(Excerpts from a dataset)
--

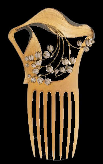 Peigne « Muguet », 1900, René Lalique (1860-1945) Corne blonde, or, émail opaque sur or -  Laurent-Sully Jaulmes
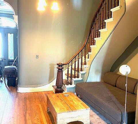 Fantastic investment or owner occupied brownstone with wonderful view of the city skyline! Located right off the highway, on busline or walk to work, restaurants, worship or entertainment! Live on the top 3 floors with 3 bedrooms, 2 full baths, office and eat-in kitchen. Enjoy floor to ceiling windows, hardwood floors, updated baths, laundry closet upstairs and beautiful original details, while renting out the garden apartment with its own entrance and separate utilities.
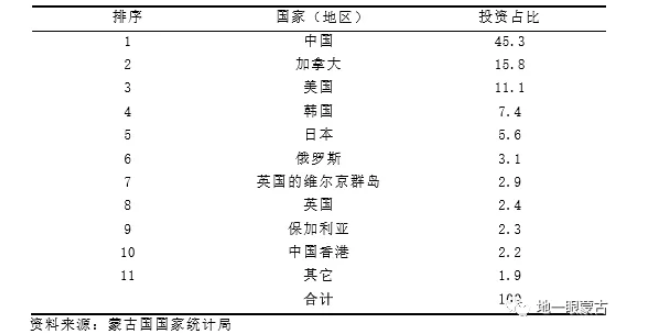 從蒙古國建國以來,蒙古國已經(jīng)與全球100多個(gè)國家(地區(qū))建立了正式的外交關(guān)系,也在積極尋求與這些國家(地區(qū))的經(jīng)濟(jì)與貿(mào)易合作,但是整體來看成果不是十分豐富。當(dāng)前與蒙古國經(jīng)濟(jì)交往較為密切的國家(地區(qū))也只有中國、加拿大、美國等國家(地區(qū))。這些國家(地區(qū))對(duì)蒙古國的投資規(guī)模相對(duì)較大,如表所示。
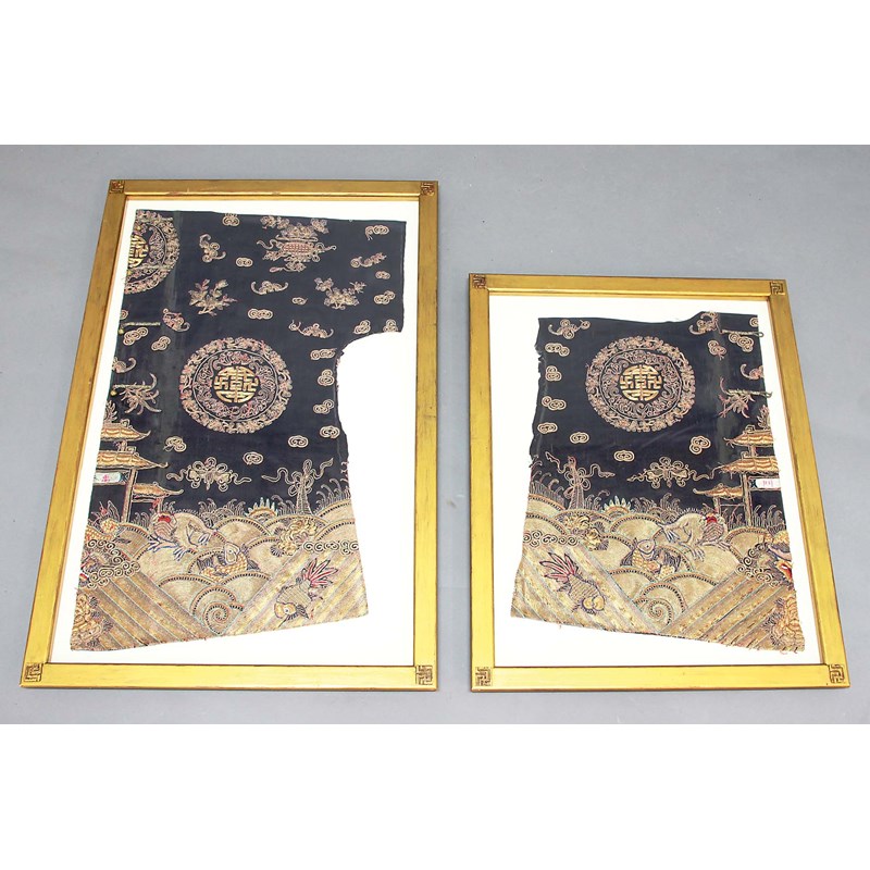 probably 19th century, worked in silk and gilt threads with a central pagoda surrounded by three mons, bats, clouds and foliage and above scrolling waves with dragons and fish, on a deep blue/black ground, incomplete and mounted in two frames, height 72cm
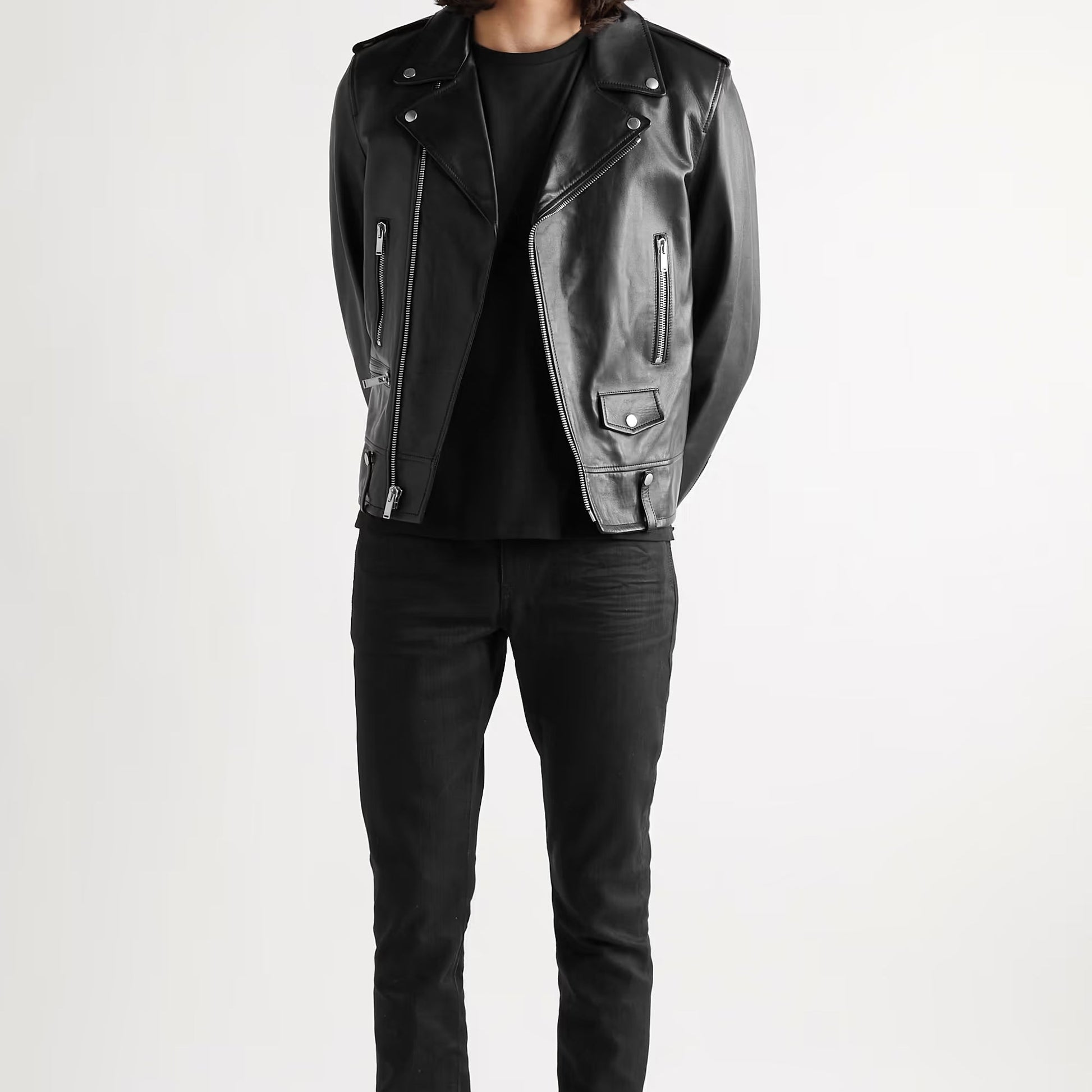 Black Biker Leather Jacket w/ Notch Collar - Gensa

--

◆ Work order: Give every line above again exactly, with no pictures.

◆ Worked solution:
 Peigne « Muguet », 1900, René Lalique (1860-1945) Corne blonde, or, émail opaque sur or -  Laurent-Sully Jaulmes
 Fantastic investment or owner occupied brownstone with wonderful view of the city skyline! Located right off the highway, on busline or walk to work, restaurants, worship or entertainment! Live on the top 3 floors with 3 bedrooms, 2 full baths, office and eat-in kitchen. Enjoy floor to ceiling windows, hardwood floors, updated baths, laundry closet upstairs and beautiful original details, while renting out the garden apartment with its own entrance and separate utilities.
 從蒙古國建國以來,蒙古國已經(jīng)與全球100多個(gè)國家(地區(qū))建立了正式的外交關(guān)系,也在積極尋求與這些國家(地區(qū))的經(jīng)濟(jì)與貿(mào)易合作,但是整體來看成果不是十分豐富。當(dāng)前與蒙古國經(jīng)濟(jì)交往較為密切的國家(地區(qū))也只有中國、加拿大、美國等國家(地區(qū))。這些國家(地區(qū))對(duì)蒙古國的投資規(guī)模相對(duì)較大,如表所示。
 probably 19th century, worked in silk and gilt threads with a central pagoda surrounded by three mons, bats, clouds and foliage and above scrolling waves with dragons and fish, on a deep blue/black ground, incomplete and mounted in two frames, height 72cm
 Black Biker Leather Jacket w/ Notch Collar - Gensa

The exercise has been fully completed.